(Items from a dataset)
· · · ·

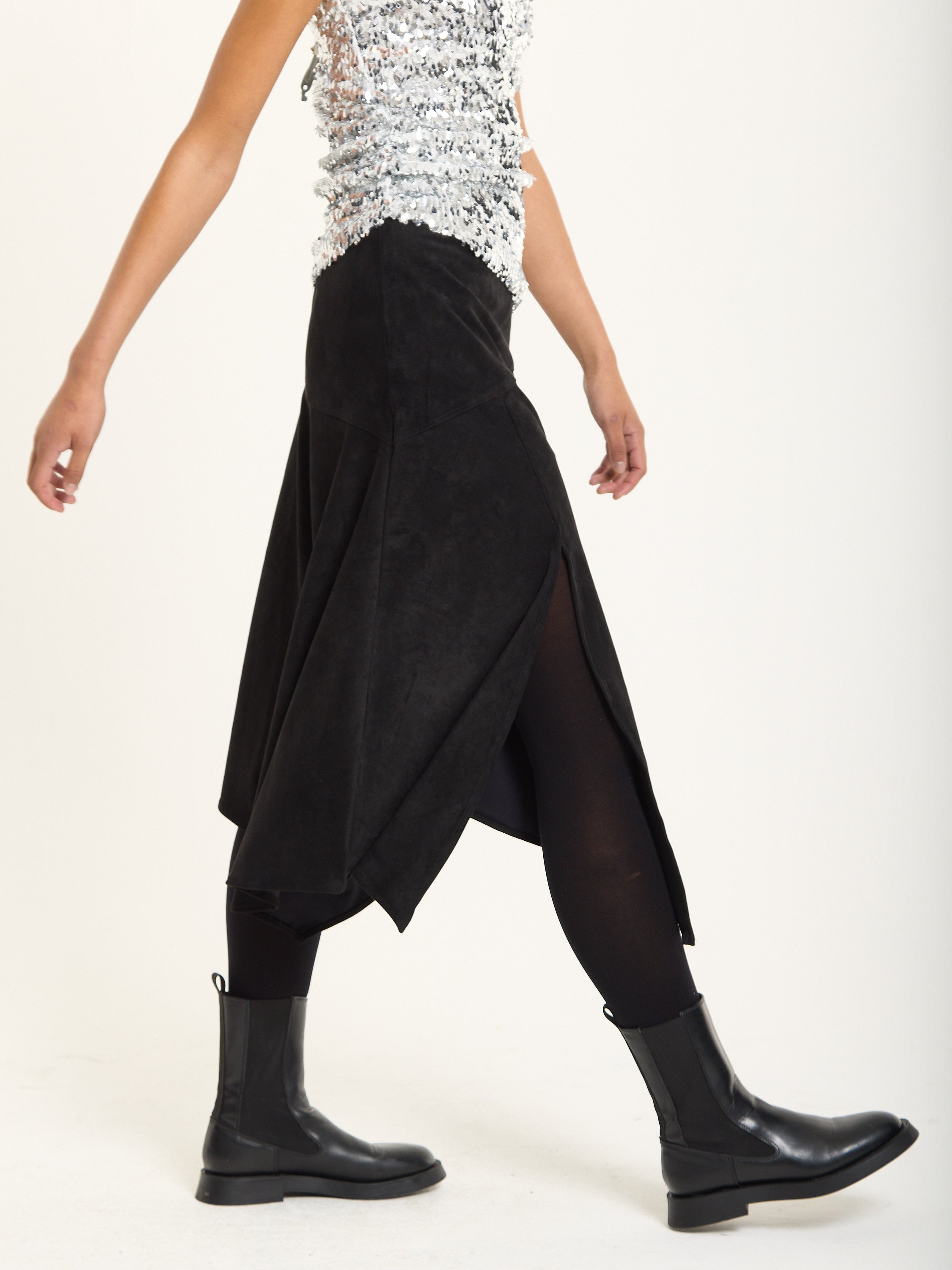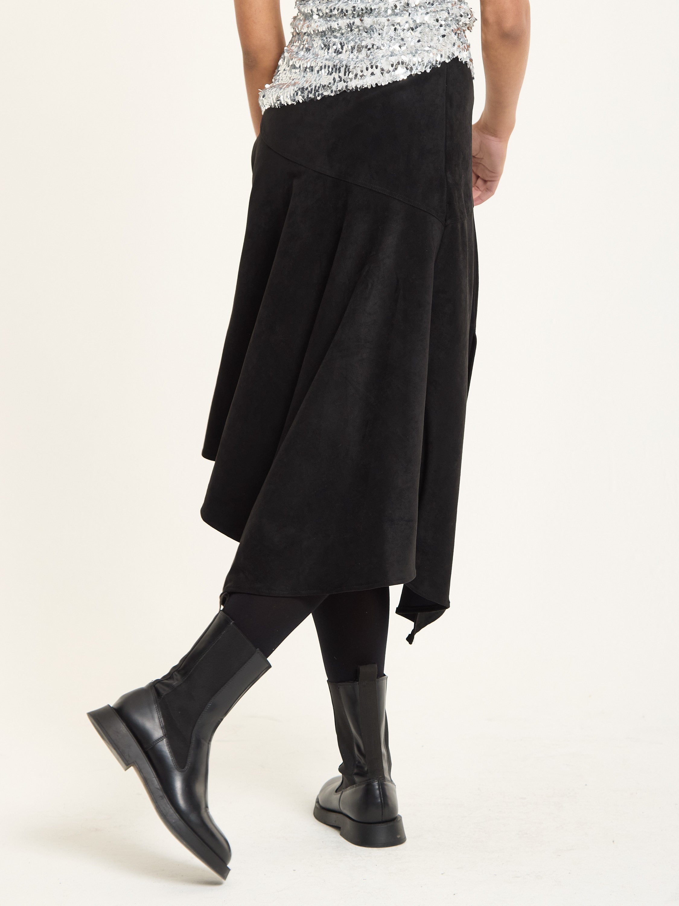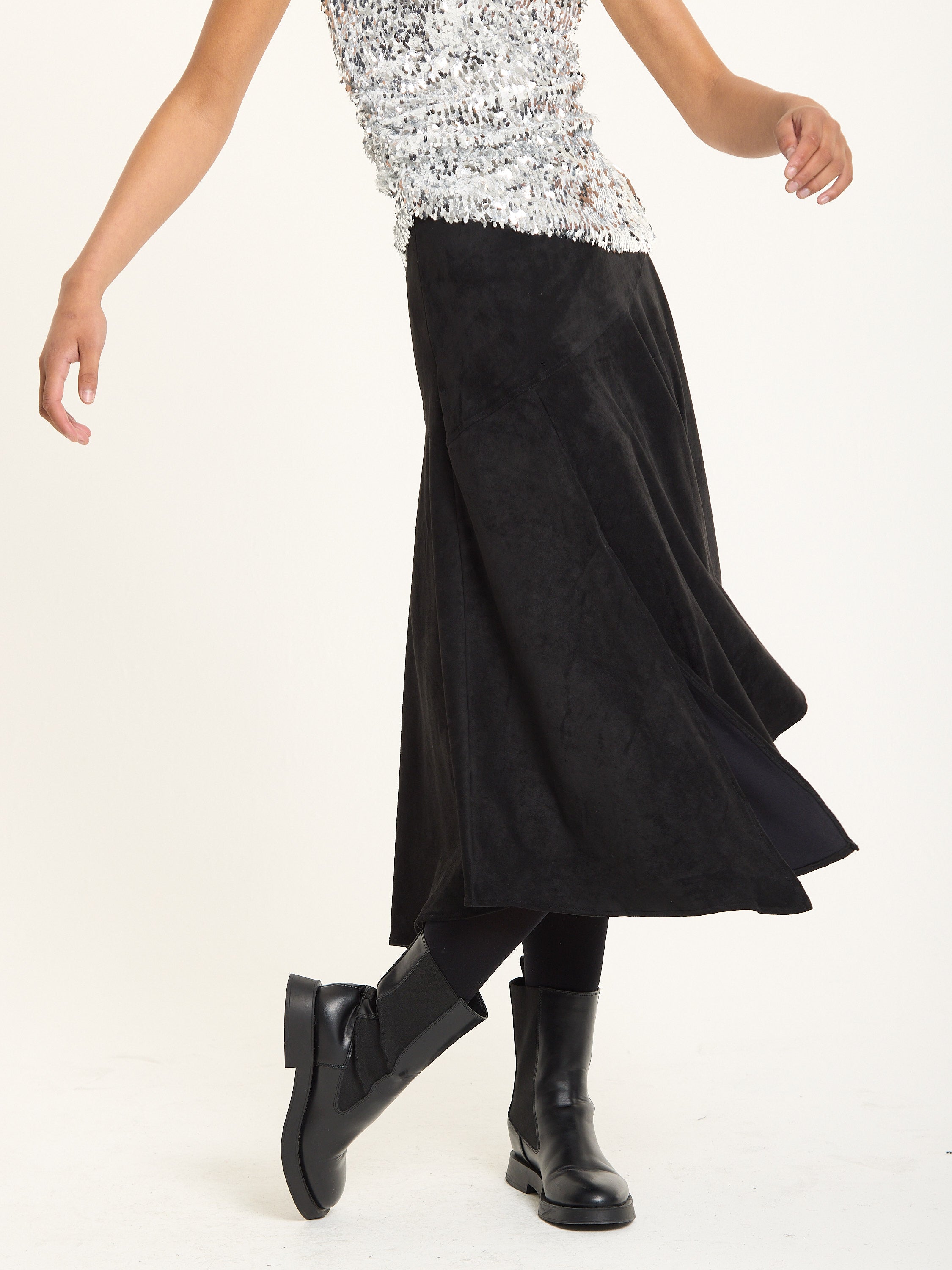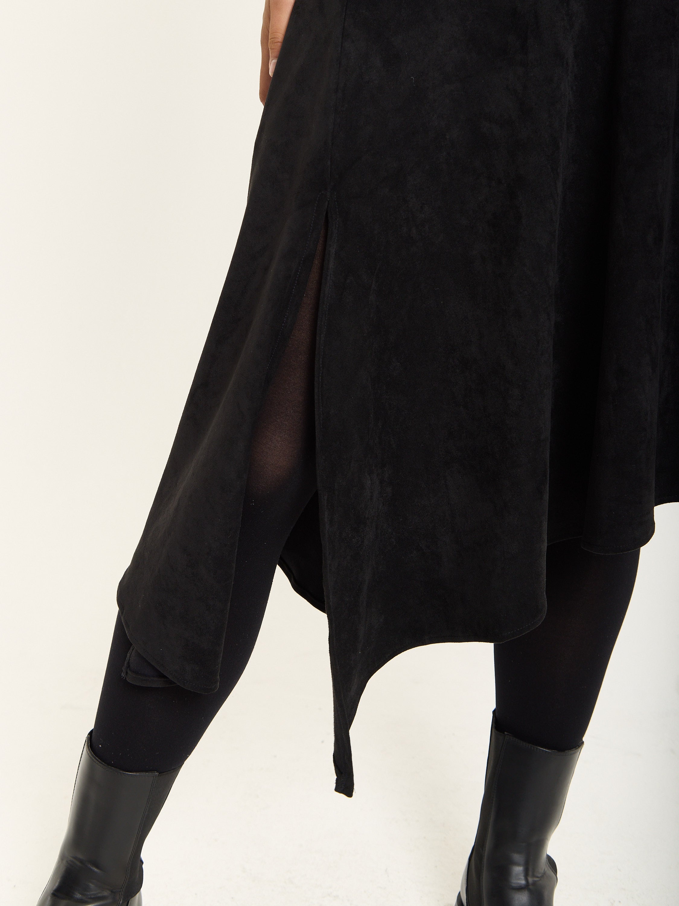 A sleek faux suede midi skirt in black featuring an asymmetric hemline and subtle side slits for ease of movement. The soft suede texture gives a luxurious feel, perfect for adding depth and edge to your look.
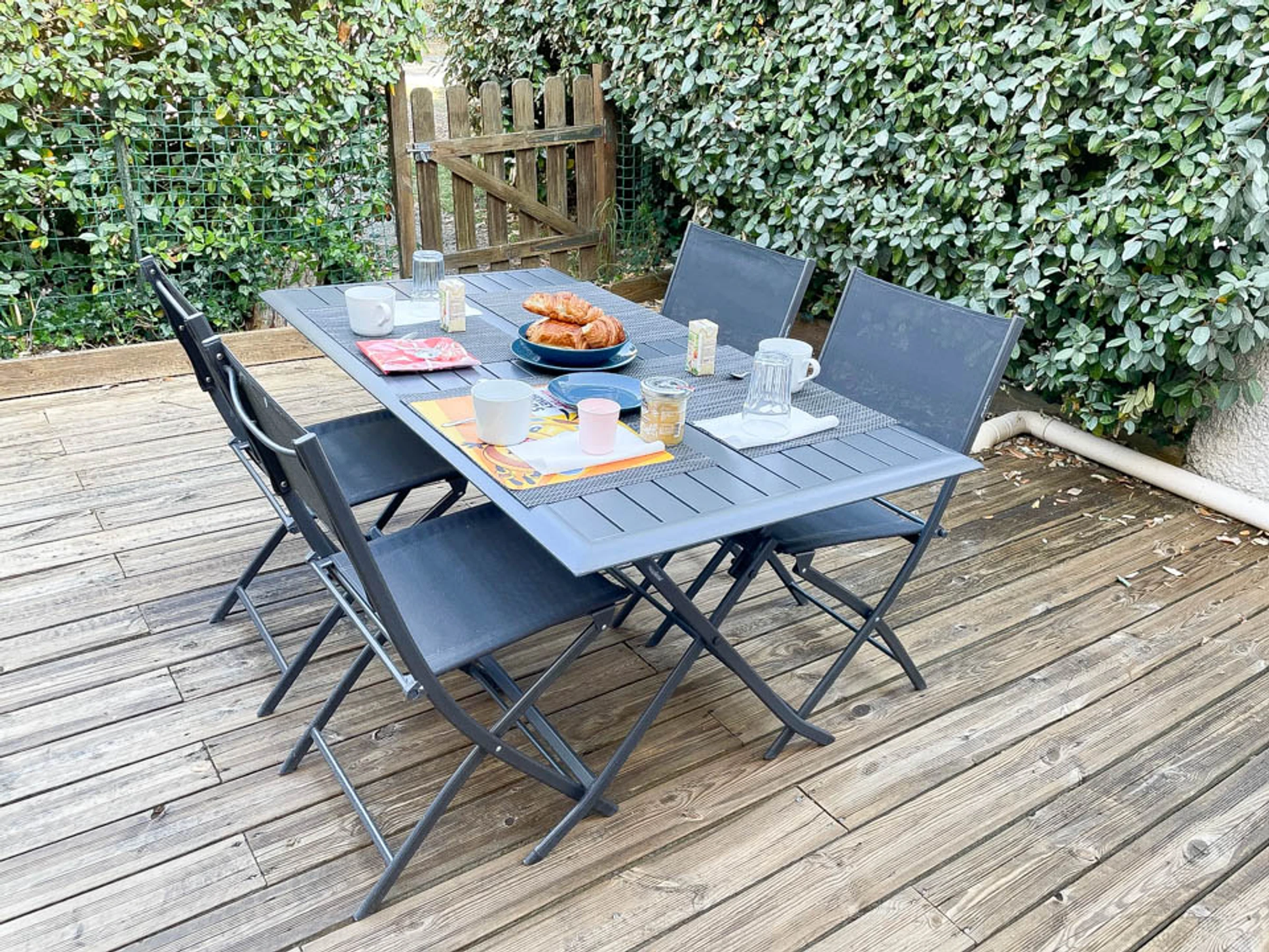 Terraza cerrada por cancela con mesa y sillas, tumbonas y tendedero.
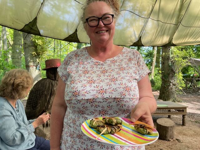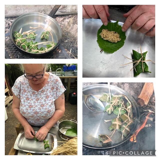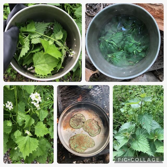 To cap off the day, Nicky prepared little parcels of flapjack in a hazel leaf and Kally prepared some Garlic Mustard, Nettle Belini’s. Yum. Just missing the salmon or bacon accompaniment.
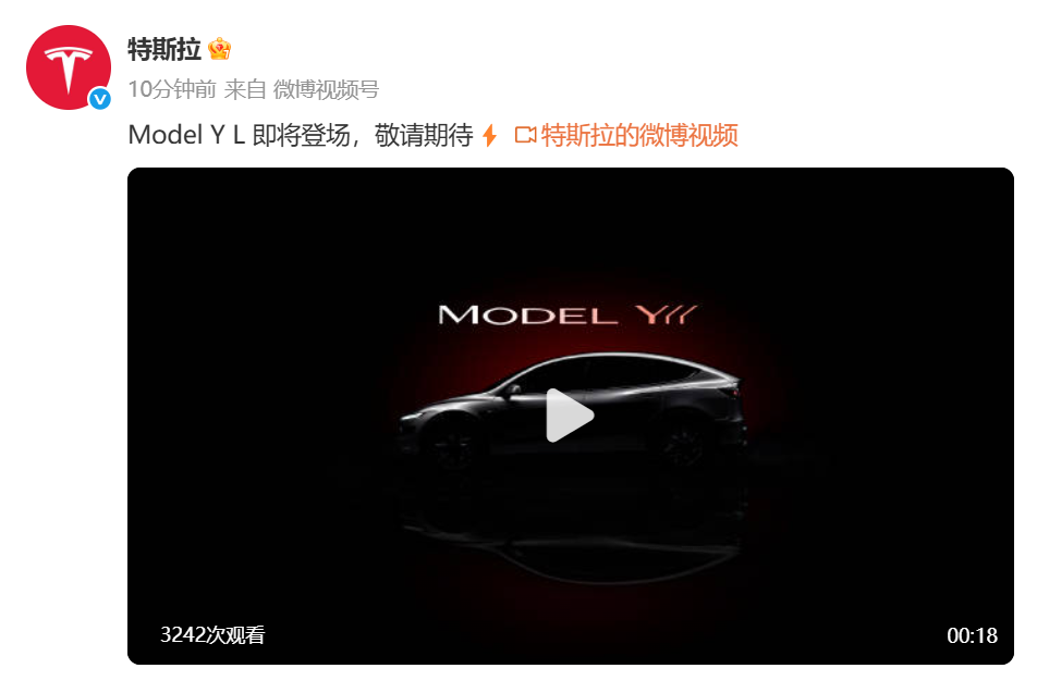 【大河财立方消息】8月18日,特斯拉中国在官微宣布,Model Y L即将登场。
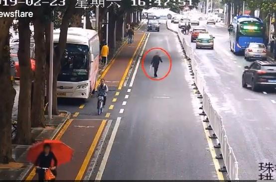 Jedna zaštitna oraga u južnoj Kini dvaput je oborena u dva dana od strane prolaznika koji su pokušavali da pređu preko ulice na za to nedozvoljenom mestu.
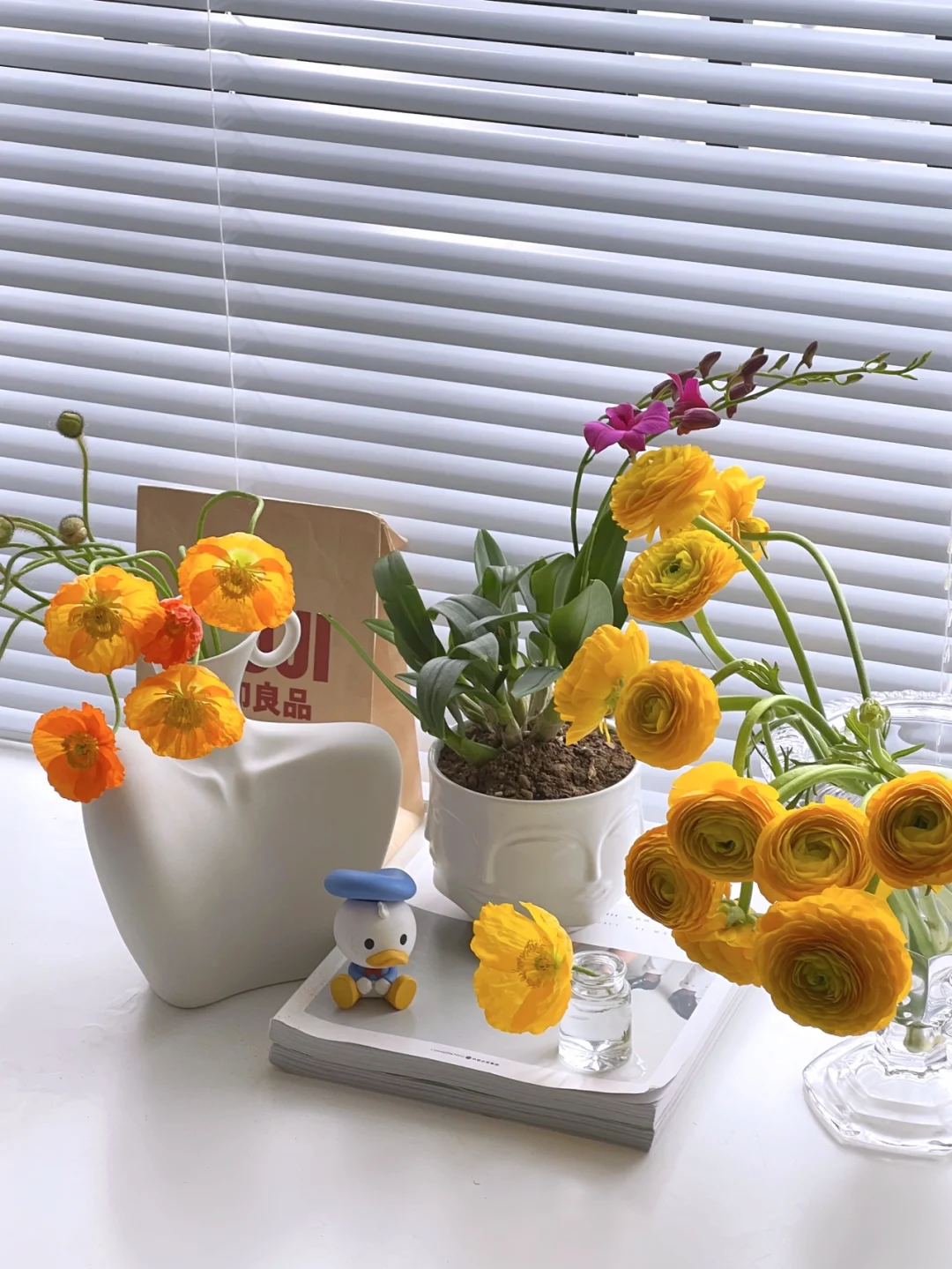 月底就过年了,朋友圈看见大家都在买年宵花。 上周也陆陆续续网购了一些鲜花。 早上起床在客厅吃早餐时,看着花瓶里的鲜花心情是美好的。 - 虞美人花苞插花瓶两天终于绽放了几朵。 洋牡丹一直很喜欢,一打13.5,分开插了两个花瓶 腊梅应该是可以保持挺久。 蝴蝶兰与石斛兰 一对佳人。
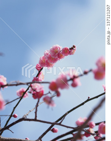 青空背景に咲くピンクの梅の花 春のイメージ 縦構図 コピースペース
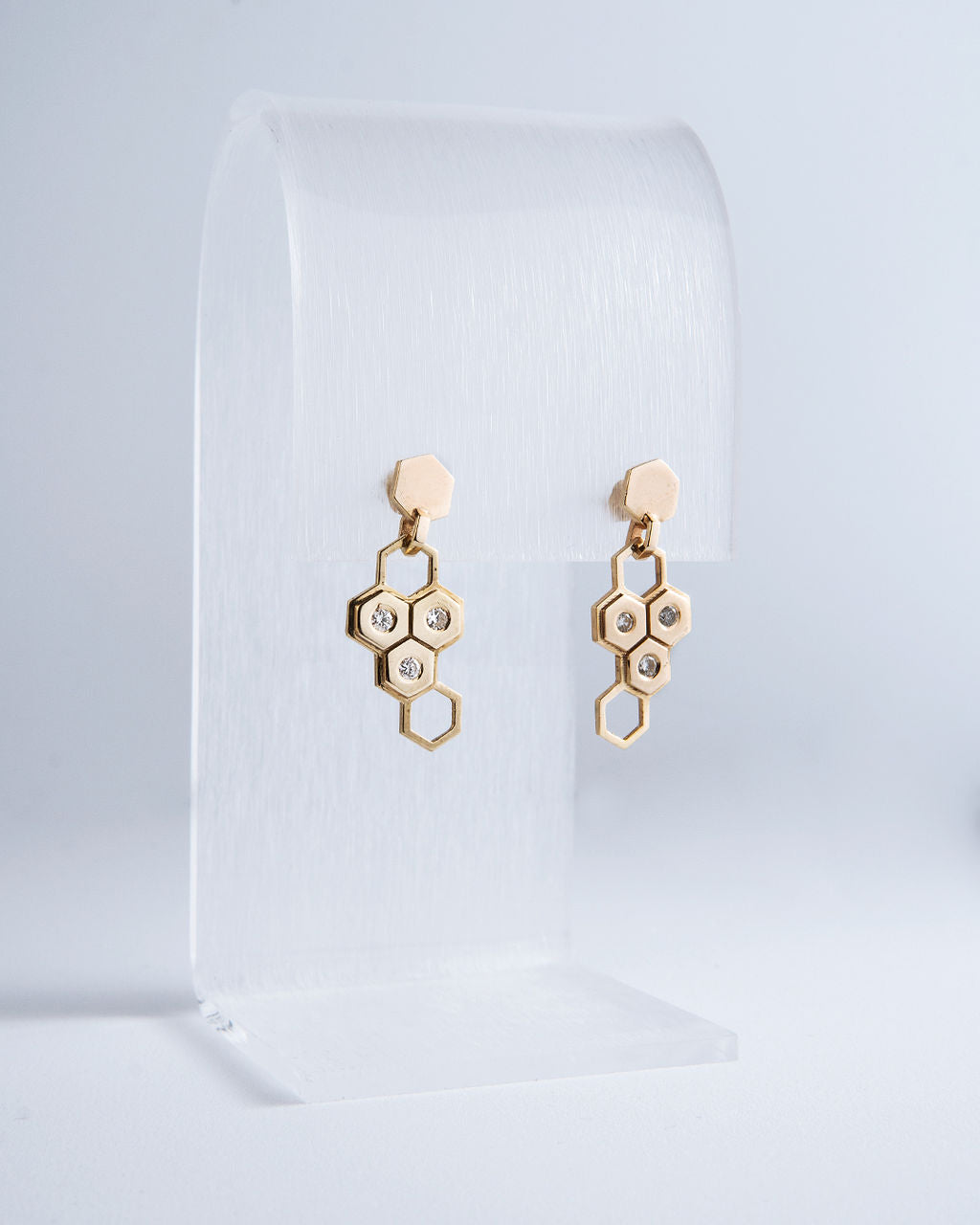 Our beautiful and elegant colmena drop earrings are perfect for every special occasion. Handcrafted in 14k solid gold and set with responsibly sourced natural diamonds.
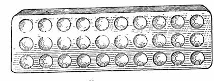 Вместо пробирок частные реакции можно выполнять также на фарфоровых капельных пластинках (рис. 6) или особых предметных стеклах с углублениями (рис. 7). В этом случае расход реактивов минимальный, а результат реакции хорошо заметен.
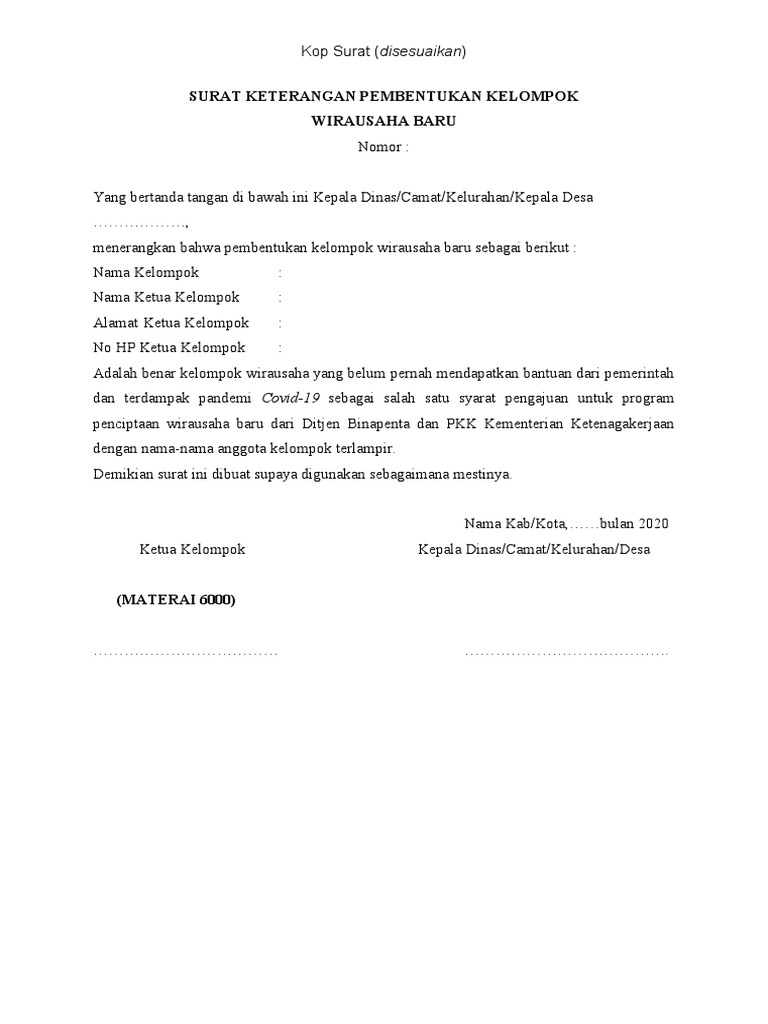 Surat Keterangan Pembentukan Kelompok Format Pdf

· · · ·

TASK BRIEF
From the first line to the last, output the data exactly; skip any pictures.

RESULT FOR THIS TASK
 A sleek faux suede midi skirt in black featuring an asymmetric hemline and subtle side slits for ease of movement. The soft suede texture gives a luxurious feel, perfect for adding depth and edge to your look.
 Terraza cerrada por cancela con mesa y sillas, tumbonas y tendedero.
 To cap off the day, Nicky prepared little parcels of flapjack in a hazel leaf and Kally prepared some Garlic Mustard, Nettle Belini’s. Yum. Just missing the salmon or bacon accompaniment.
 【大河财立方消息】8月18日,特斯拉中国在官微宣布,Model Y L即将登场。
 Jedna zaštitna oraga u južnoj Kini dvaput je oborena u dva dana od strane prolaznika koji su pokušavali da pređu preko ulice na za to nedozvoljenom mestu.
 月底就过年了,朋友圈看见大家都在买年宵花。 上周也陆陆续续网购了一些鲜花。 早上起床在客厅吃早餐时,看着花瓶里的鲜花心情是美好的。 - 虞美人花苞插花瓶两天终于绽放了几朵。 洋牡丹一直很喜欢,一打13.5,分开插了两个花瓶 腊梅应该是可以保持挺久。 蝴蝶兰与石斛兰 一对佳人。
 青空背景に咲くピンクの梅の花 春のイメージ 縦構図 コピースペース
 Our beautiful and elegant colmena drop earrings are perfect for every special occasion. Handcrafted in 14k solid gold and set with responsibly sourced natural diamonds.
 Вместо пробирок частные реакции можно выполнять также на фарфоровых капельных пластинках (рис. 6) или особых предметных стеклах с углублениями (рис. 7). В этом случае расход реактивов минимальный, а результат реакции хорошо заметен.
 Surat Keterangan Pembentukan Kelompok Format Pdf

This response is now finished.